EXERCISE DESCRIPTION
Retype the listing below line for line, but only from the line with "廣州旭眾食品機械有限公司是一" down to the line with "71% of Republicans", inclusive. Pictures stay out.

SOURCE RECORDS
· · · · · · ·
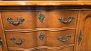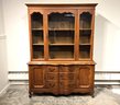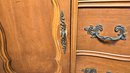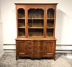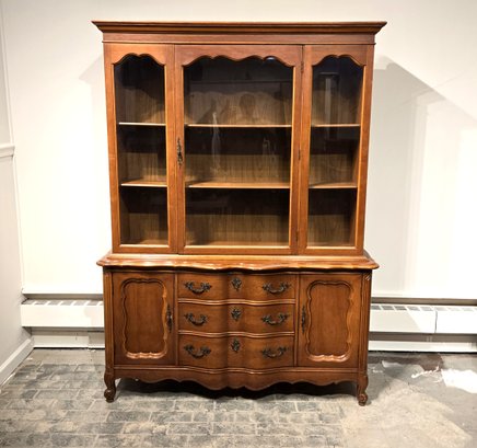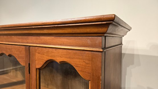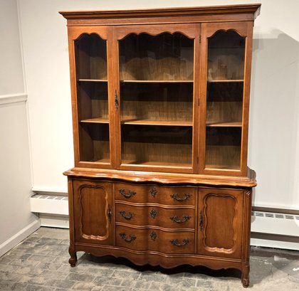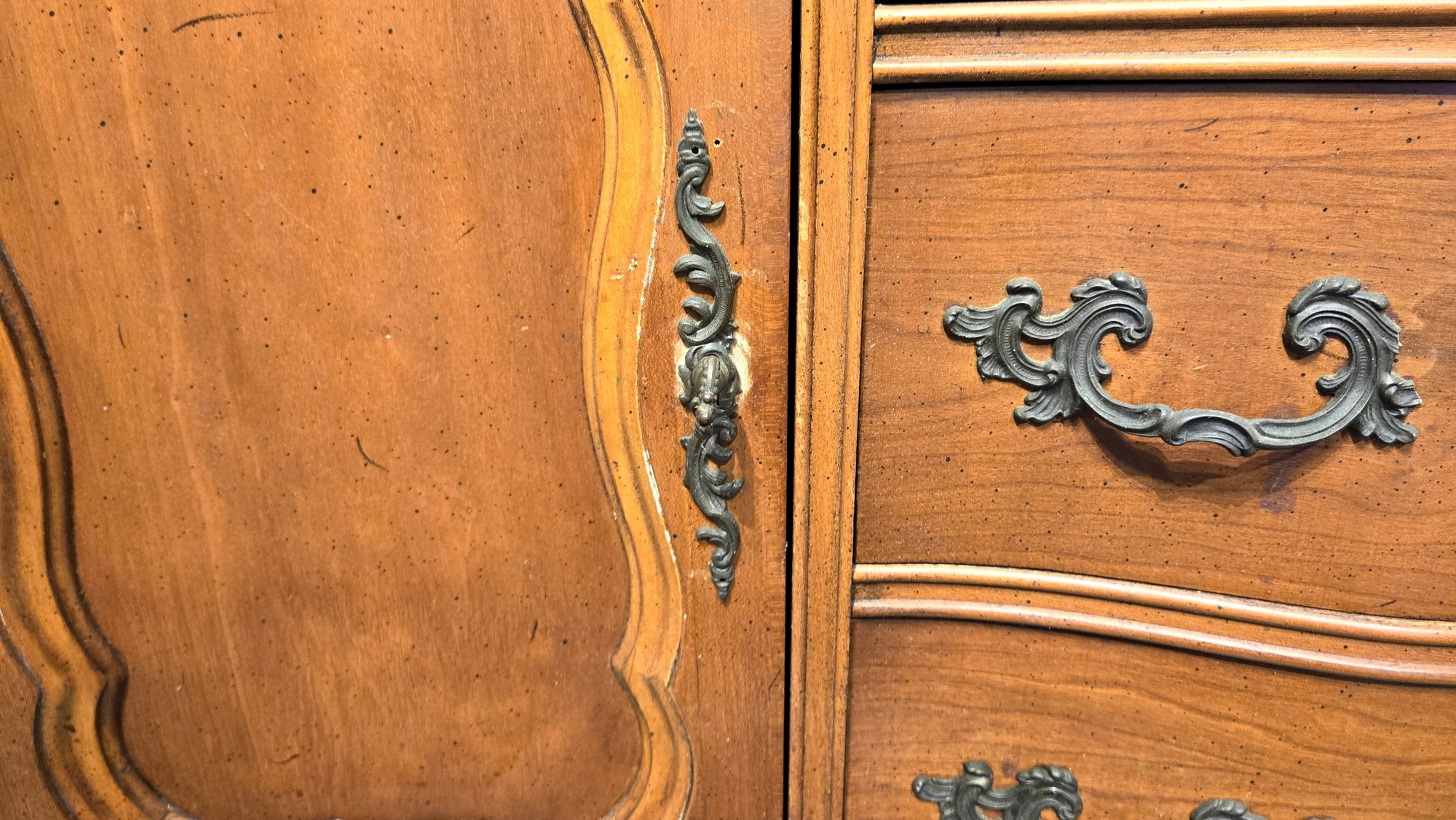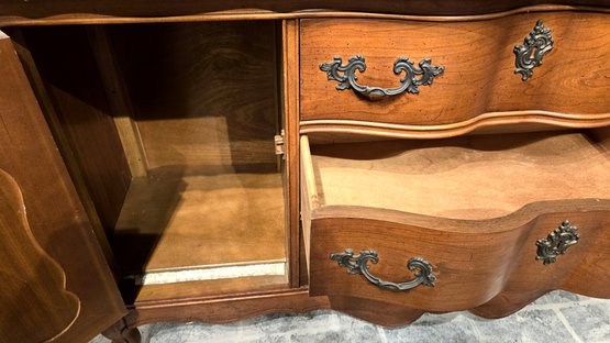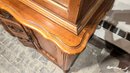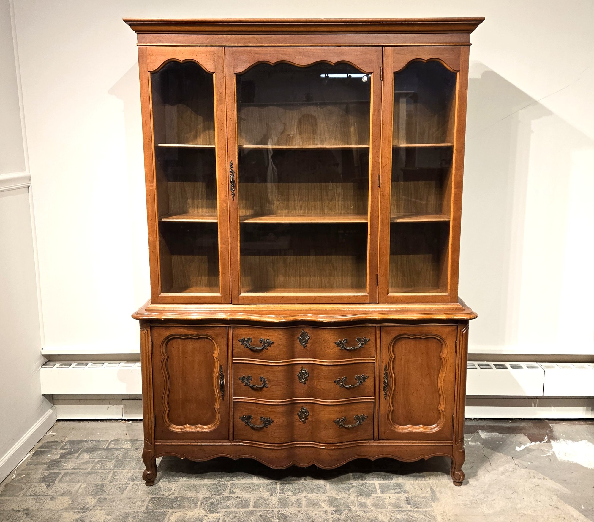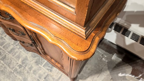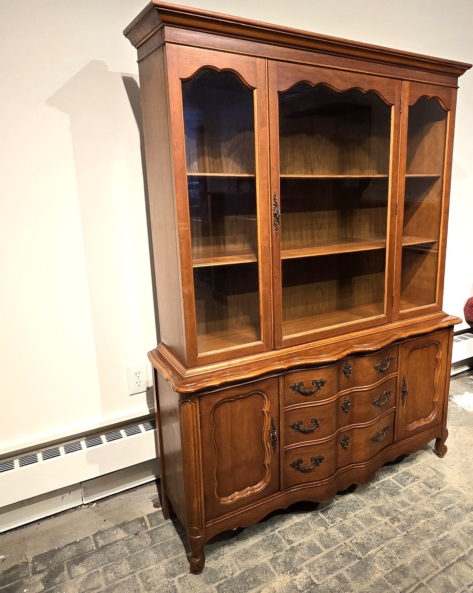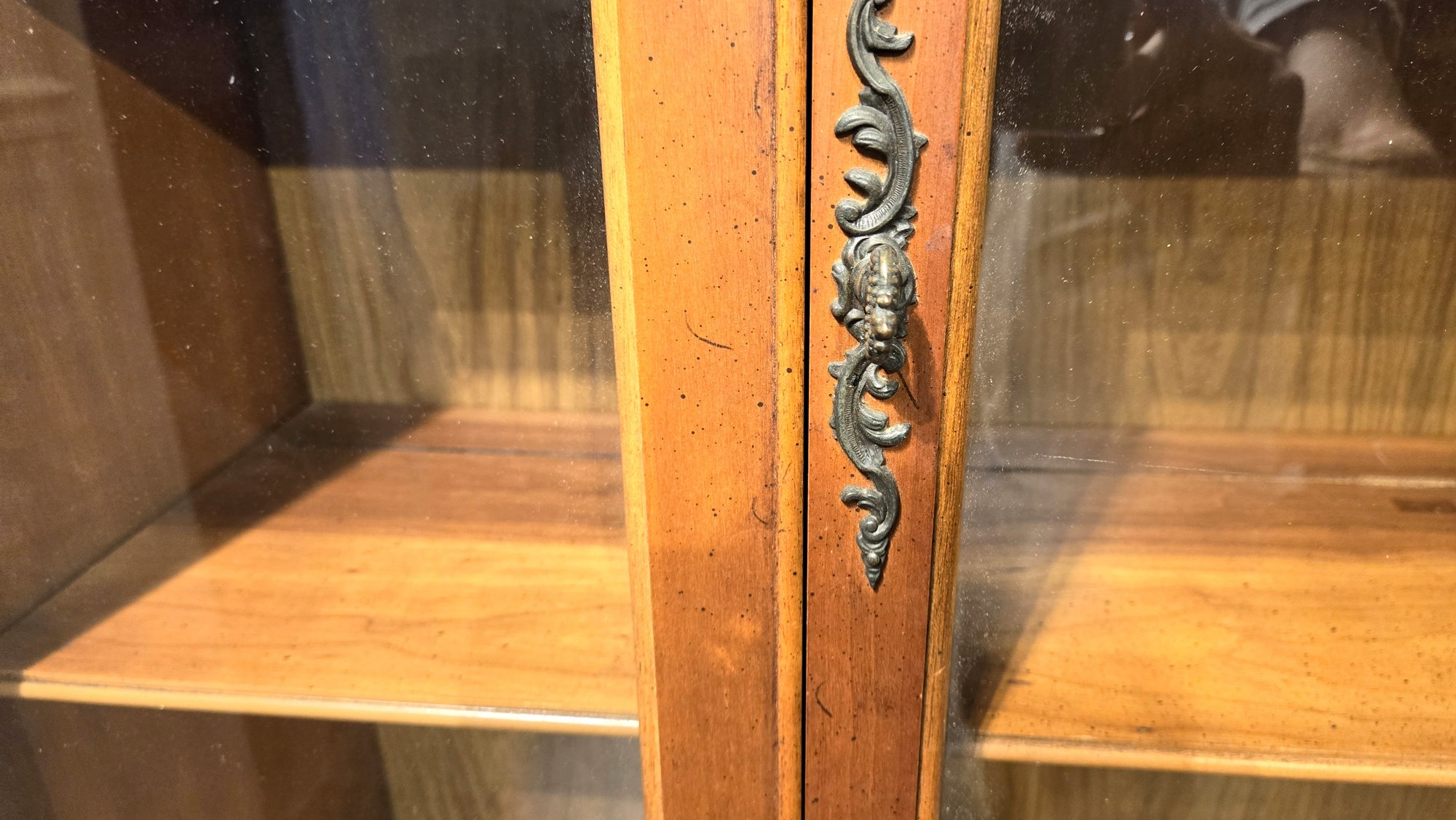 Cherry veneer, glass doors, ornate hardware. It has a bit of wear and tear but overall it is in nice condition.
· · · · · · ·
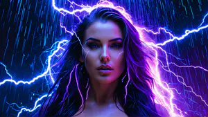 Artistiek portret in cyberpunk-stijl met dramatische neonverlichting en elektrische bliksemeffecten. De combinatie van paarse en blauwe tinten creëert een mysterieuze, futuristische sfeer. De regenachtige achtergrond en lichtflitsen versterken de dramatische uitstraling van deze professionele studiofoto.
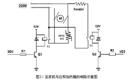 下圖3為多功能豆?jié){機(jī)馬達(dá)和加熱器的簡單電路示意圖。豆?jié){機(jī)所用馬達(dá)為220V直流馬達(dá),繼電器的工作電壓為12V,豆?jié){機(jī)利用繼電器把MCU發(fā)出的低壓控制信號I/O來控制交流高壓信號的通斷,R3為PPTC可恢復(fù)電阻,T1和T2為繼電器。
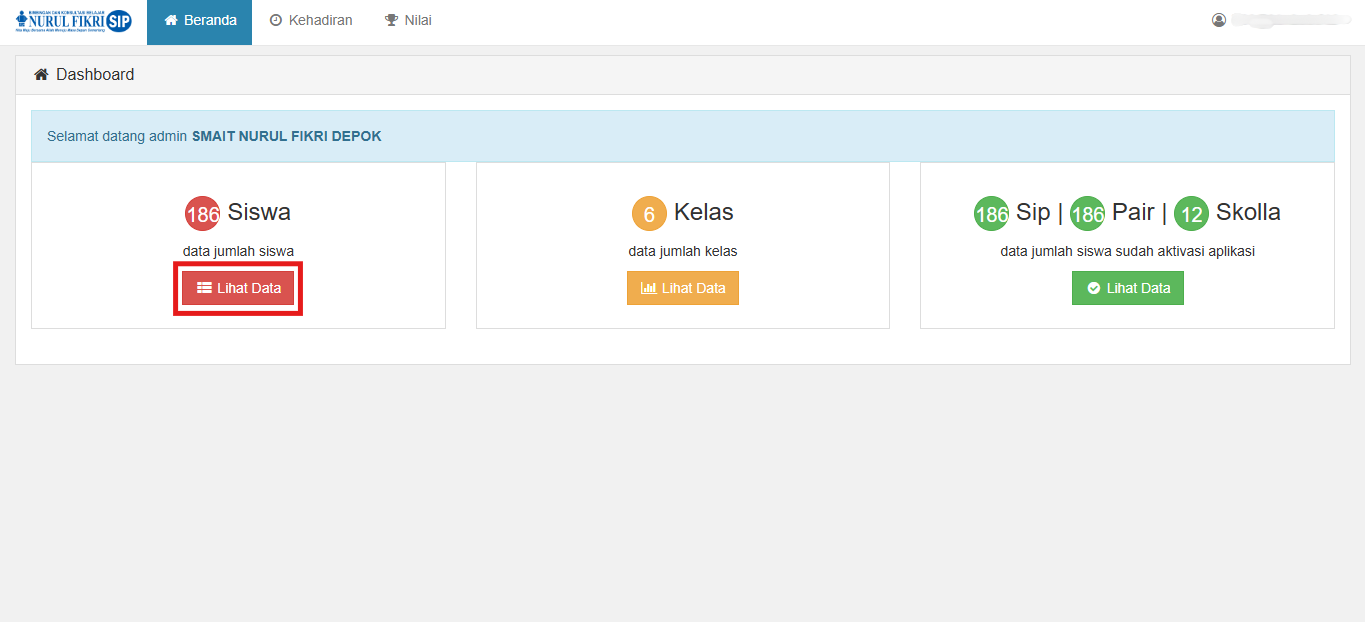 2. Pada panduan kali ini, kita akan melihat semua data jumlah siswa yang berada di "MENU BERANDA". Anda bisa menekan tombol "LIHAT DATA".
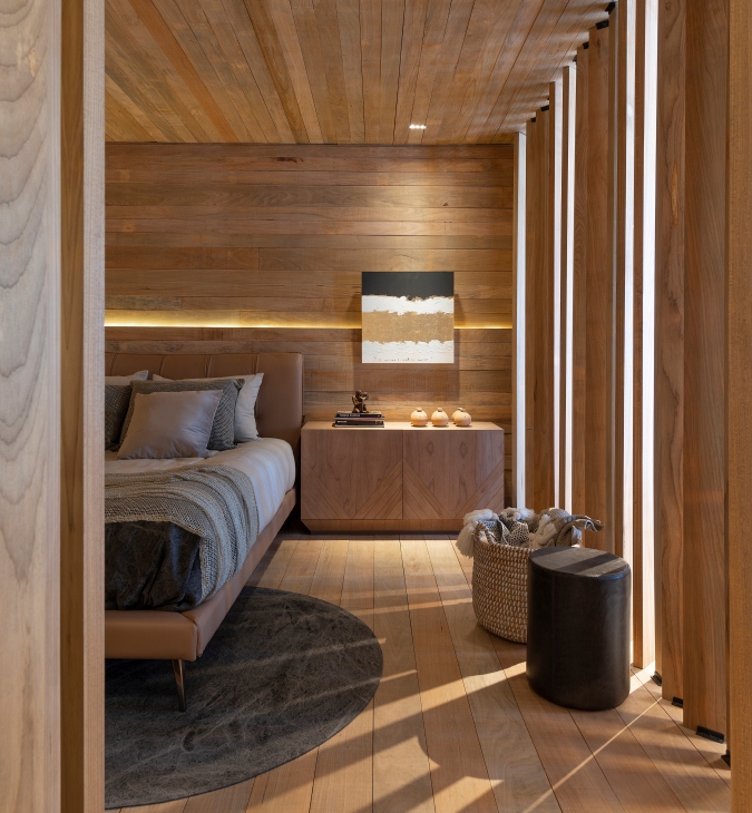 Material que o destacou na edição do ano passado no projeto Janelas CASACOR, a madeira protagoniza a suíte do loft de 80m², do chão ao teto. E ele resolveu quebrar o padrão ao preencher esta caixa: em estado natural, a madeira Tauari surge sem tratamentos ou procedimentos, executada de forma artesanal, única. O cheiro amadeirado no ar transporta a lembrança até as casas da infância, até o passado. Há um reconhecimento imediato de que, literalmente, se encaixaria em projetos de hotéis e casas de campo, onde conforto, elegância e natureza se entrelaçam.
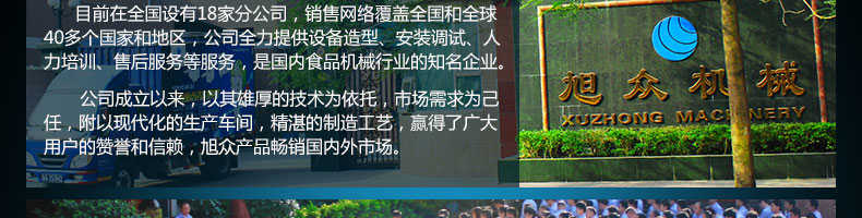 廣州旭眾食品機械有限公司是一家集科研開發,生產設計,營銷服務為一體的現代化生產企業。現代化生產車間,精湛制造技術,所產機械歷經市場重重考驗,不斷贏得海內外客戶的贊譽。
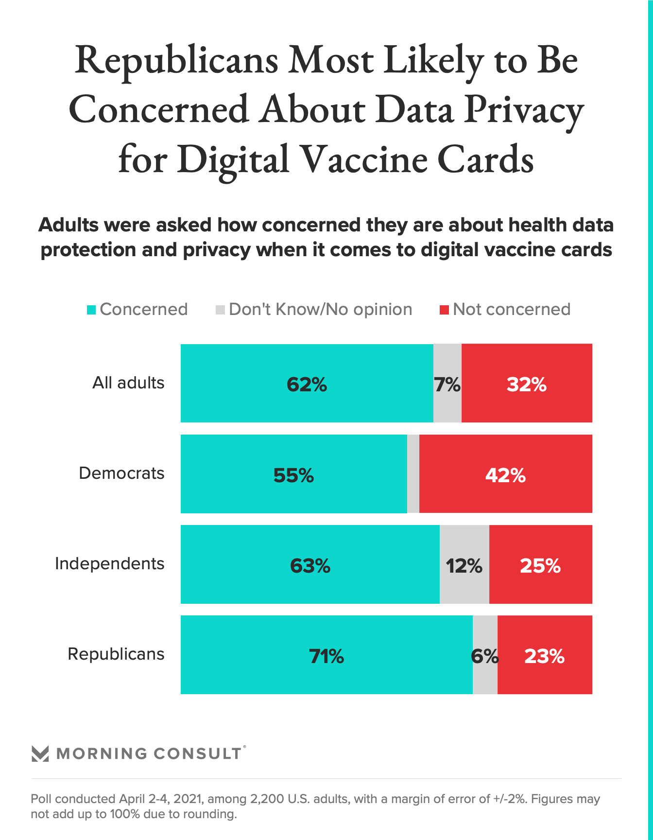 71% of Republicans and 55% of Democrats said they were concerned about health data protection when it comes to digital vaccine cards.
· · · · · · ·
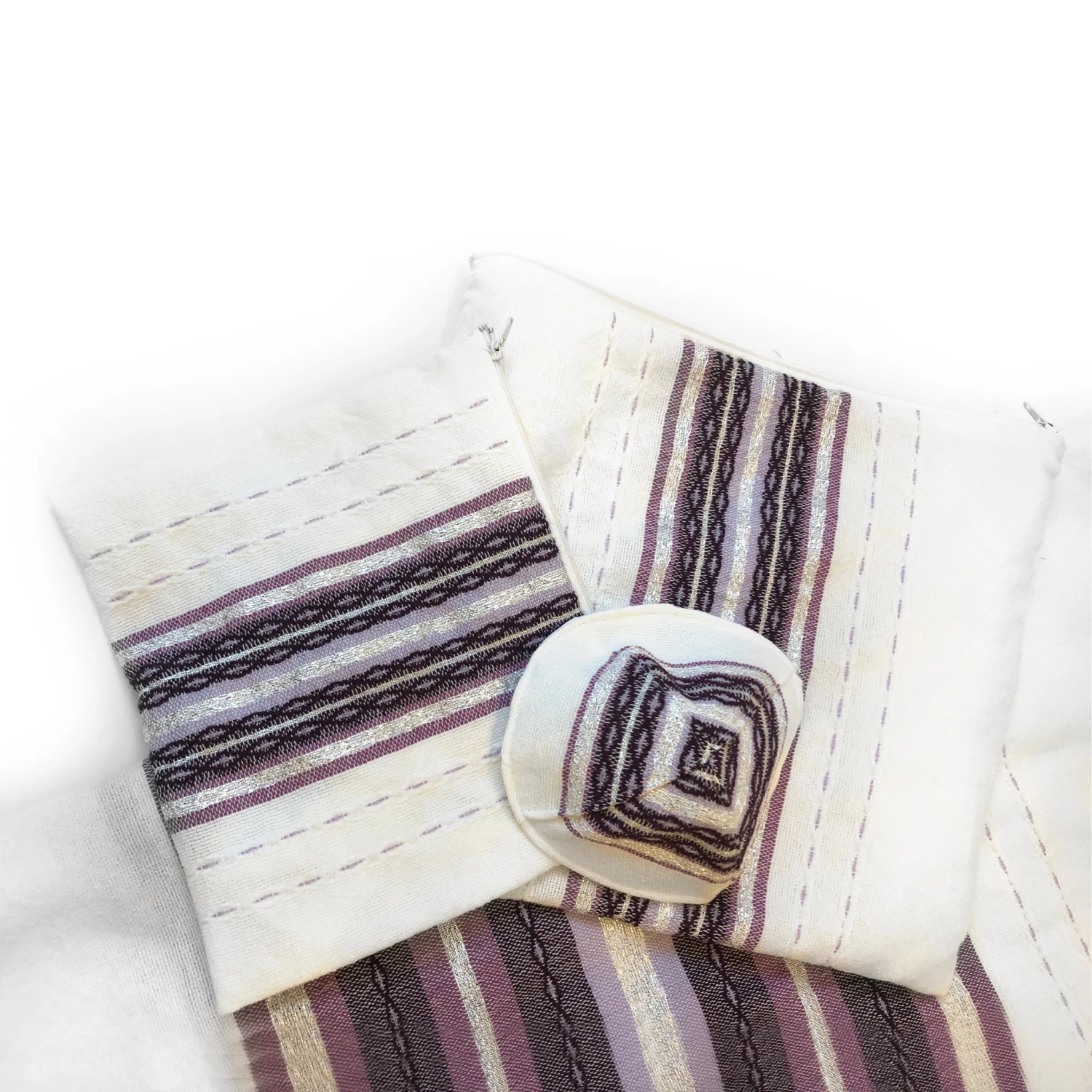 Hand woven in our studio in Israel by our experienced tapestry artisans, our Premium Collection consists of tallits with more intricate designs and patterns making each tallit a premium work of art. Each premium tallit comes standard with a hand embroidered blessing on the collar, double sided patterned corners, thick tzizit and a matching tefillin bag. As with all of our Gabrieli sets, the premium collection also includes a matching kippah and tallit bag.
· · · · · · ·
FINAL ANSWER
 廣州旭眾食品機械有限公司是一家集科研開發,生產設計,營銷服務為一體的現代化生產企業。現代化生產車間,精湛制造技術,所產機械歷經市場重重考驗,不斷贏得海內外客戶的贊譽。
 71% of Republicans and 55% of Democrats said they were concerned about health data protection when it comes to digital vaccine cards.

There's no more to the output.